На заднем плане в глубине сцены – белый изящный комод с большим зеркалом над ним. На столике – баночки с косметикой, флаконы с духами, фотография девушки в белой рамке. Вазочка с засохшими розами.

Правее комода – дверь, неплотно завешанная бархатными зелеными шторами. Темный провал коридора. Время от времени он озаряется вспышками фотокамер. Слышен шум голосов. Некоторые слова различимы публике в зале:
« Это правда, что…»
« Госпожа Дитрих, признайтесь…»
«..Жан Габен..»

На диване сидит женщина в застиранном белом махровом халате. Такие выдают звездам в перерывах киносъемок. У женщины неряшливый внешний вид, не причесанные светлые или седые волосы. На шее  бусы – сразу несколько ниток. Но висят они странно – на спине.

Один тапок лежит возле дивана. Второй – на ноге. Это очень старые и давно не стираные тапки.

Женщина кому-то кричит в темноту коридора хриплым старушечьим голосом:

-- Лилли! Я уже три раза просила занавесить окна в прихожей! Мне наскучили эти крикуны у крыльца, продавец уверял, что бархатные шторы великолепно поглощают звуки…
И вообще, что они все делают здесь, у моего дома?!

В коридоре  раздается «ржавый» звук сдвигаемых штор. Крики становятся тише, но гул голосов по-прежнему проникает в комнату, где обитает дама.

-- Нет, похоже, эти шторы все же поглощают только пыль!

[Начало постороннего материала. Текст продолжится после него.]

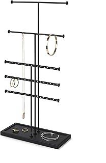 Umbra Trigem Hanging Organizer – 5 Tier Table Top Necklace Holder, Box Display with Jewelry Tray Base, Black/Black

Дама поворачивается лицом к залу. У нее болезненное бледное лицо, в котором, однако, читается былое величие.

-- Да, Лилли, и позвони в полицию! Должны же они защищать исторические памятники от нападений вандалов!

Женщина тяжело приваливается к спинке дивана и уже другим, более звонким голосом обращается в пустоту комнаты:

-- Папи, ты слышишь? Я уже называю себя памятником! То-то бы мы посмеялись с тобой и Тами, если бы я заявила это при вас!.. Но Тами, врушка, всегда притворялась больной, даже умерла назло мне!..
Да и ты тоже хорош!
Сидели бы с тобой сейчас  на этом самом диванчике, попивали бы коньячок да вспоминали бы времена, когда никто не смел подойти к самой Марлен Дитрих и проорать наглым голосом: «Это правда, что вы спали с Жаном Габеном?»
Ты слышишь, Папи?

Она смотрит куда-то на люстру, где горят только две лампы из шести, неопределенно  машет рукой, но рука падает от усталости…
Гримасничает, пародируя папарацци:
« Мадам, говорят, вы были ужасно, ужасно плохой матерью! Это ваше странное сожительство с мужем и его любовницей… на глазах у взрослеющей дочери! Вы раскаиваетесь?»
«… вы соблазнили Ремарка и не поехали на похороны к своему любовнику Хэмингуэю…Вы столь порочны?»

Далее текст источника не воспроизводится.